Memorandum misses in CMO!
This was done in the presence of former Minister Debi Prasad Mistra, Minister Prafulla Samal and MP Pratap Chandra Dev. The same went mysteriously missing, as per the reply to a RTI query. Such is the CM’s responsibility towards our language! However, impact of our campaign continued to affect the administration.
This has precipitated the unprecedented meeting of the Cabinet at Puri. But we find the same bureaucratic mischief mingled with anglicized mentality of the Chief Minister sic passim the cabinet decision on 26.12.2017, which has failed to tell the people what sort of punishment is to be given to whosoever does not work in Oriya in offices/establishments and how is the bureaucracy competent to determine the “standard and area” of Oriya to be used as official language in illegal disregard to Sub-Section (2) of Section 1 and Sub-Section (1) of Section 2 as well as the ‘Object and reasons’ of the Orissa Official Language Act, 1954, yet in force.

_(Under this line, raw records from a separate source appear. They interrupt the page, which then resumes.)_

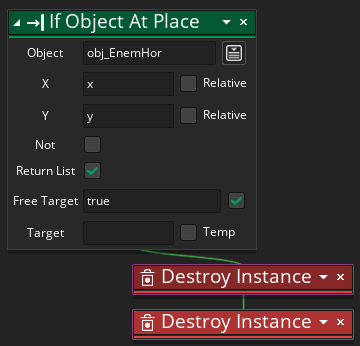 Este condicional verifica que el objeto coincide con los ejes del objeto de la bala para luego proceder a ejecutar dos acciones, nuestro siguiente paso sera agregar estas dos acciones, las dos son la misma pero para distintos elementos, la accion es Destroy Instance que se encuentra en Instances, nos debera quedar de la siguiente manera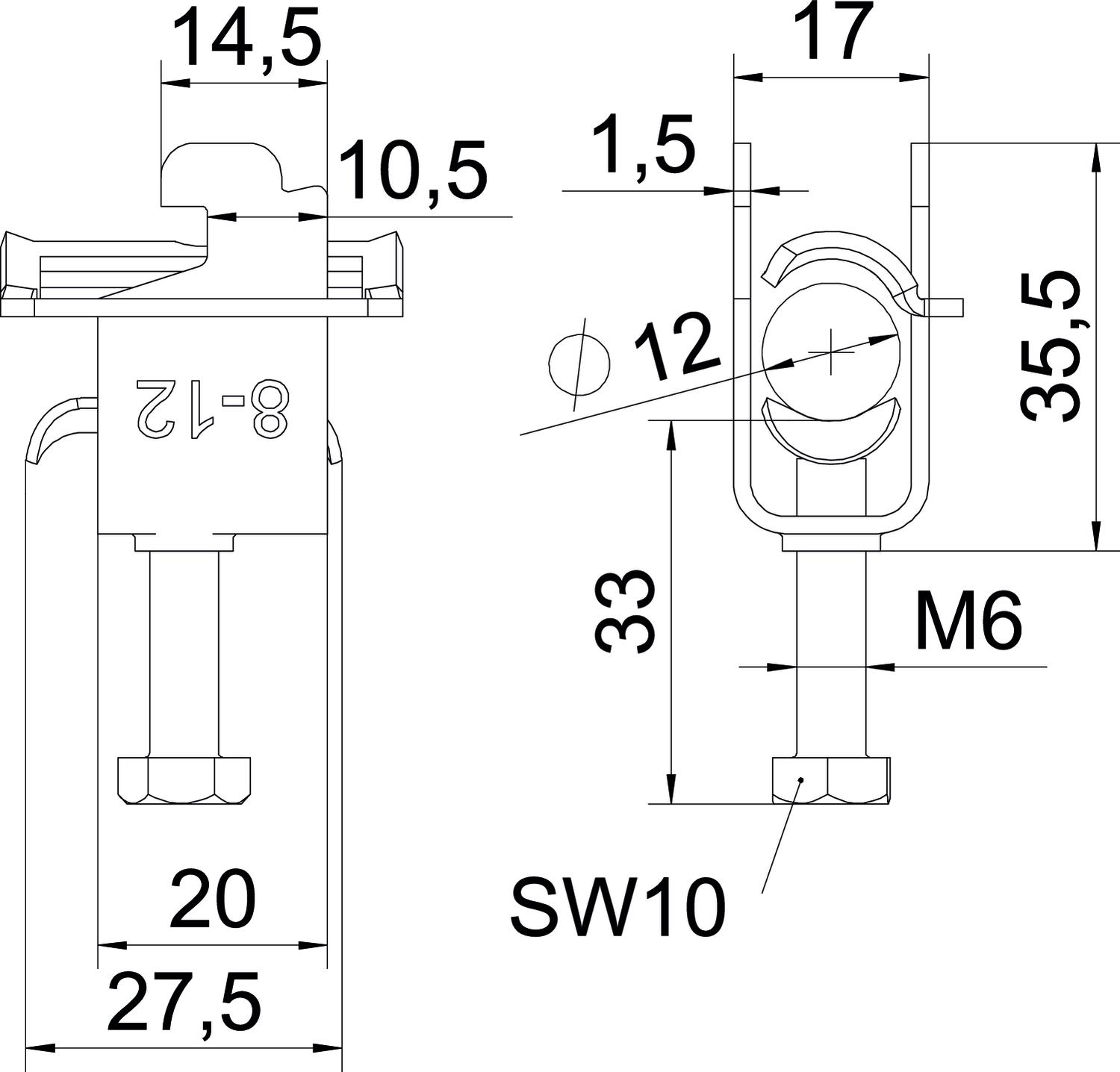 Clamping range D, max. 12 mm Clamping range D, min. 8 mm CO2 Footprint (GWP) Cradle-to-Gate 0,1991 kg CO₂e / 1 Piece Dimension 8-12mm Dimension A 20 mm Dimension B 16 mm Dimension C 34 mm Dimension G (mm) M6 Dimension H 34 mm Dimension L 34 mm Dimension t 1,5 mm for rail with slot width (with interval), max. 12 mm for rail with slot width (with interval), min. 11 mm Halogen-free yes Height 35,5 mm Impact-resistant no Length 20 mm Material Stainless steel 1.4301 Material addition Rustproof steel Material of counter-trough Rustproof steel Material of trough Rustproof steel Material quality of trough Stainless steel 304 (1.4301) Max. Tightening torque 3 Nm Mounting type Profile rail Number of cables/pipes 1 Surface Bright, treated Surface addition Untreated Width 17 mm With counter-trough yes With metal trough yes With plastic trough no - All types
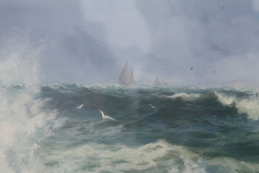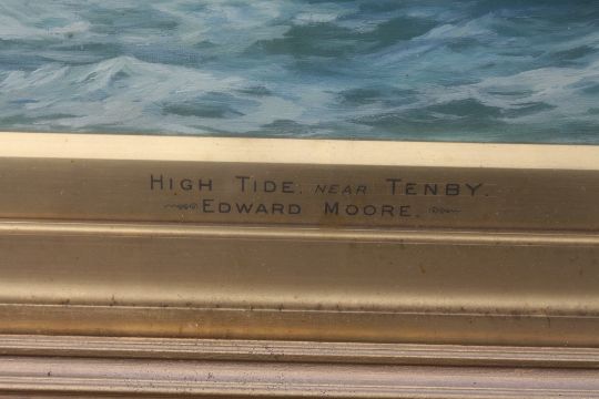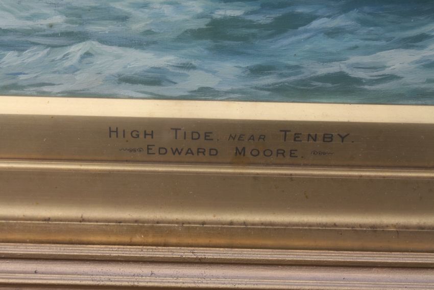 EDWARD MOORE (XIX-XX). Rocky coastal scene with heavy surf, 'High Tide near Tenby', signed lower right, oil on canvas, framed and glazed, 44 x 89 cm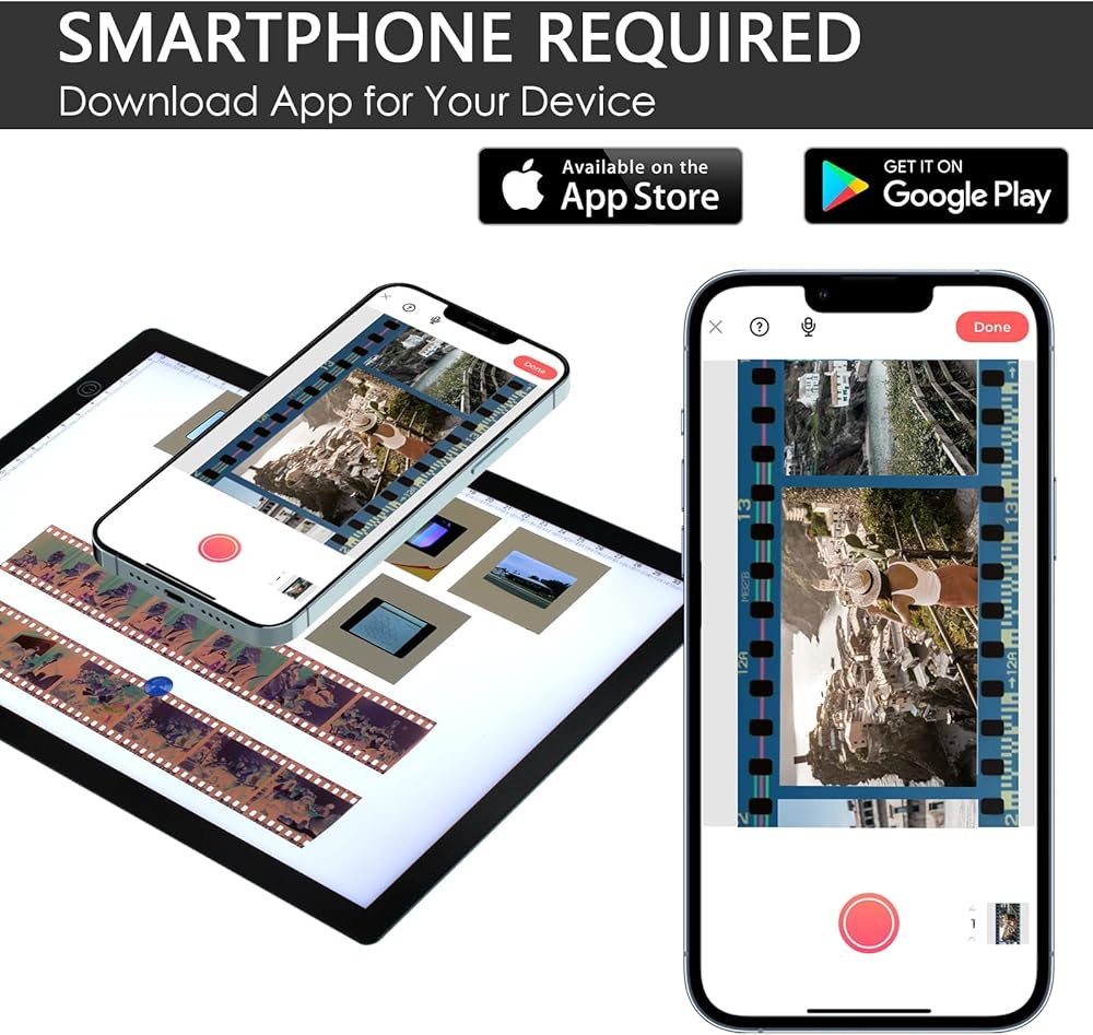 Download SlideScan app (for scanning slides) and FilmBox app (for scanning negatives) to scan slides and negatives and convert them to digital images. APP allows edit photos and share on social media.

It is intriguing that, the Rule 4 of my proposed set of Rules to which the non-Oriya IAS officer G.V.V.Sharma had objected in the file and had suppressed the file on feeling that the Department of Law shall have no objection against that, has been placed as Resolution 4 in this set of Resolutions at Puri, albeit partially.But instead of placing the same in the proposed amendment of the Act, it has been preferred to be put under the Shops and Commercial establishment Act. This breathes the mischief that is brewing in the mind of the mandarins or their guided Chief Minister against our language.
The entire exercise has no legal standing. As per the Rules of business, there is no concurrence by the Department of Finance to this multi-departmental set of Cabinet Resolutions. there is no approval of the Department of Law. The Governor is not informed of this Cabinet. Hence it is a Resolution sans legality, adopted by a Cabinet sans authority and is dangerous to dreams of Oriya nation to get their language as the lawful medium of management of their affairs – political and commercial.
Therefore, it would a folly to pay any heed to the Cabinet decision. We have resolved to continue the Black Flag Movement till the actual amendment takes place and contents thereof accepted by the campaigners.(Updated).